Contacting between the acoustic feature value and sentence pronunciation modeling unit is created by the acoustic model, and determines given text Word issues the probability of corresponding voice；

The language model disassembles complete sentence for single word according to chain rule, and determines the probability that current word occurs；

The probability of corresponding voice and the probability of current word appearance are issued according to the given text, export optimal text sequence Column.

3. the exercising method of Oral English Practice as described in claim 1, which is characterized in that state testing audio in described extract respectively Before the mel-frequency cepstrum coefficient of the standard audio, it is described by described computer literal this document translate to standard audio it Afterwards, further comprising the steps of:

Respectively to the intrinsic decline of phonetic speech power corresponding with the standard audio and testing audio spectrum and by articulatory system Oppressive high frequency section is supplemented；

4. the exercising method of Oral English Practice as claimed in claim 3, which is characterized in that it is described respectively extract state testing audio and The mel-frequency cepstrum coefficient of the standard audio, specifically includes the following steps:

5. a kind of exercise system of Oral English Practice characterized by comprising

The testing audio is translated to computer literal this document for receiving spoken testing audio by audio conversion module；

Audio comparison module, for extracting the mel-frequency cepstrum coefficient for stating testing audio and the standard audio respectively, according to Hidden Markov model calculates the phoneme posterior probability of the testing audio Yu the standard audio, general according to the phoneme posteriority Rate determines that the opposite percentage with the standard audio of the testing audio scores, and exports the standard audio and described hundred Divide than scoring.

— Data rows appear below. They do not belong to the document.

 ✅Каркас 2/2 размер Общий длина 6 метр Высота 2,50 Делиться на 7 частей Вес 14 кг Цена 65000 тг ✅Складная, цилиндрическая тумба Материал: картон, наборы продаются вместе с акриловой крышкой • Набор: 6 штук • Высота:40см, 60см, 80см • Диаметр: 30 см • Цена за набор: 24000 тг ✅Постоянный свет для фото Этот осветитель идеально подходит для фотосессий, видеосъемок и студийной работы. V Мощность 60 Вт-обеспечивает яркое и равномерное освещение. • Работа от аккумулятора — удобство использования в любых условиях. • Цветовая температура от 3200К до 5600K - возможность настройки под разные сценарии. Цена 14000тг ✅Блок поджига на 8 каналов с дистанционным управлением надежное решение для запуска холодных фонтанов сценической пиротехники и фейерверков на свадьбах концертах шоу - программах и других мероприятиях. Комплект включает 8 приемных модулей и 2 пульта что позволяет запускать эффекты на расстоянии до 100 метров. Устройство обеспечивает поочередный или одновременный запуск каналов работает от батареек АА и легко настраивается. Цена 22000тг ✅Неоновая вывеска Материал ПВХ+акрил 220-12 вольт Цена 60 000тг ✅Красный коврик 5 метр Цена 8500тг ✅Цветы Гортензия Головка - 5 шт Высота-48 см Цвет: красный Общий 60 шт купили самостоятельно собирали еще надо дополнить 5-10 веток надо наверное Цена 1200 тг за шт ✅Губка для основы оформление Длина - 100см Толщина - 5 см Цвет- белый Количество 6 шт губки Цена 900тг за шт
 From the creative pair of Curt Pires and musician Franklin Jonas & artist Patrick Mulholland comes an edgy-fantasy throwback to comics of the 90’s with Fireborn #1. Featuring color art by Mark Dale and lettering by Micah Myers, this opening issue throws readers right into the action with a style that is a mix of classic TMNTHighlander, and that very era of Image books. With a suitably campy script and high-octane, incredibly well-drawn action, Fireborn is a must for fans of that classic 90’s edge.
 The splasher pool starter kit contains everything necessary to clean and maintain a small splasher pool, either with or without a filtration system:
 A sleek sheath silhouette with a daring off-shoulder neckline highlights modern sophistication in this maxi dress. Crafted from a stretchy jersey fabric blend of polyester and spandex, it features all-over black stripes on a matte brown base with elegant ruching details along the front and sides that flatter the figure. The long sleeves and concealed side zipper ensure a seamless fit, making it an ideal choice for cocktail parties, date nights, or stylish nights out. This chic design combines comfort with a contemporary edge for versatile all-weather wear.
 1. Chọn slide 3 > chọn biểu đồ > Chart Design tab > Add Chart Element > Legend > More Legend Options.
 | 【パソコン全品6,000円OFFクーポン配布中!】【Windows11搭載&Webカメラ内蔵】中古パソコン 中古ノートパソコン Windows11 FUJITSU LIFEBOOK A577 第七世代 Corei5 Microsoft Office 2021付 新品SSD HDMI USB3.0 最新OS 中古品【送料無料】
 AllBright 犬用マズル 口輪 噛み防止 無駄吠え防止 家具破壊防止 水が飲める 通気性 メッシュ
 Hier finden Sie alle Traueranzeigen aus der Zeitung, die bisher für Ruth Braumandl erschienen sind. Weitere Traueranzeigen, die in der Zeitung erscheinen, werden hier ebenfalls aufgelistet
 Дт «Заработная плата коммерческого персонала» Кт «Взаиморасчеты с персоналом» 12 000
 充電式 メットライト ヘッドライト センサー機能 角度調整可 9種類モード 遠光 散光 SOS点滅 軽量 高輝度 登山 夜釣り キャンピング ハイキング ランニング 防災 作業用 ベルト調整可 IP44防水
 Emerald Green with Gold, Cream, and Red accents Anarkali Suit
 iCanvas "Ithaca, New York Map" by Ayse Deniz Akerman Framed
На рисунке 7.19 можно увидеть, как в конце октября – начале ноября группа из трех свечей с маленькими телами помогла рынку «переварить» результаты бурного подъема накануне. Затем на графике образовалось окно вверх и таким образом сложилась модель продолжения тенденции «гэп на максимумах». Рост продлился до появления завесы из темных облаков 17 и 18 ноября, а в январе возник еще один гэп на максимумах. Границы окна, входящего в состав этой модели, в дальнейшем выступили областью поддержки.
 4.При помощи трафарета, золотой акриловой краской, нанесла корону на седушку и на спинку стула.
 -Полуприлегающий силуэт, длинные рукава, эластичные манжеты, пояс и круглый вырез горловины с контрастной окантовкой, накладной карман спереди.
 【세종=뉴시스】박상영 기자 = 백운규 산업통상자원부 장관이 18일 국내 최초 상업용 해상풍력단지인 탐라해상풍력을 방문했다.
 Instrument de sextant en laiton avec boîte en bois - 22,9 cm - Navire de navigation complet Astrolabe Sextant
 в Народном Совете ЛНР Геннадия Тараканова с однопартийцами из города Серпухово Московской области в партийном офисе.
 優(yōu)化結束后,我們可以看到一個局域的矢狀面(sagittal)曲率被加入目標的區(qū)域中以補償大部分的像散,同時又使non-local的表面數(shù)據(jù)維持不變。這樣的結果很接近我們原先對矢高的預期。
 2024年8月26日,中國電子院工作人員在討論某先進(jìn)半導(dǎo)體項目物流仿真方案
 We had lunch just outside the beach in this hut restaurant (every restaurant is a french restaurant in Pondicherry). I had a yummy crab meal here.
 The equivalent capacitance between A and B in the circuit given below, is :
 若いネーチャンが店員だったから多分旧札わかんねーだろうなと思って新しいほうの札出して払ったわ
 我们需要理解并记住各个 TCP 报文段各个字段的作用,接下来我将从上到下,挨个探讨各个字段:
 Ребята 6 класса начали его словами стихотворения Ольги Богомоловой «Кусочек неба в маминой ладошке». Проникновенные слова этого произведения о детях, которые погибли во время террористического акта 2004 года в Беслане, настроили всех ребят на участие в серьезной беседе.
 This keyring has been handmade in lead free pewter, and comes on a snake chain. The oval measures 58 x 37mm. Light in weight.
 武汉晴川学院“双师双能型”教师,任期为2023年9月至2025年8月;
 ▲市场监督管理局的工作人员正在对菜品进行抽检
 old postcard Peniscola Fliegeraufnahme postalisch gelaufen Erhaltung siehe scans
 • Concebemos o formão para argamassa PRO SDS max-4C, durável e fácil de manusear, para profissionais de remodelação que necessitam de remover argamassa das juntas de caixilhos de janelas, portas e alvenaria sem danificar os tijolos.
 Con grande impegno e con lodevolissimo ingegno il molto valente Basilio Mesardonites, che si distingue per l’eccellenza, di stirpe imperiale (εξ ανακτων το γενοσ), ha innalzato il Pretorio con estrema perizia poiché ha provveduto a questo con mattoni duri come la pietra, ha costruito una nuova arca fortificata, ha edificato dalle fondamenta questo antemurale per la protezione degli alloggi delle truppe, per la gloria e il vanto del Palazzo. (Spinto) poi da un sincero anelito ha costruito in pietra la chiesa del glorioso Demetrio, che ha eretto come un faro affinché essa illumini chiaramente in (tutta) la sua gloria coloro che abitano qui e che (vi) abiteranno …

6. the exercise system of Oral English Practice as claimed in claim 5, which is characterized in that the audio conversion module is by the survey Audition frequency translates to the concrete operations of computer literal this document execution are as follows:

7. the exercise system of Oral English Practice as claimed in claim 5, which is characterized in that the audio comparison module is also used to Constrain respectively to the intrinsic decline of phonetic speech power corresponding with the standard audio and testing audio spectrum and by articulatory system High frequency section supplemented；

8. the exercise system of Oral English Practice as claimed in claim 7, which is characterized in that the audio comparison module is also used to The time domain waveform of every frame audio of standard audio and testing audio after supplement is converted into frequency domain figure；

9. a kind of storage medium, is stored thereon with program instruction, which is characterized in that described program instruction is being executed by processor When, realize the described in any item methods of Claims 1-4.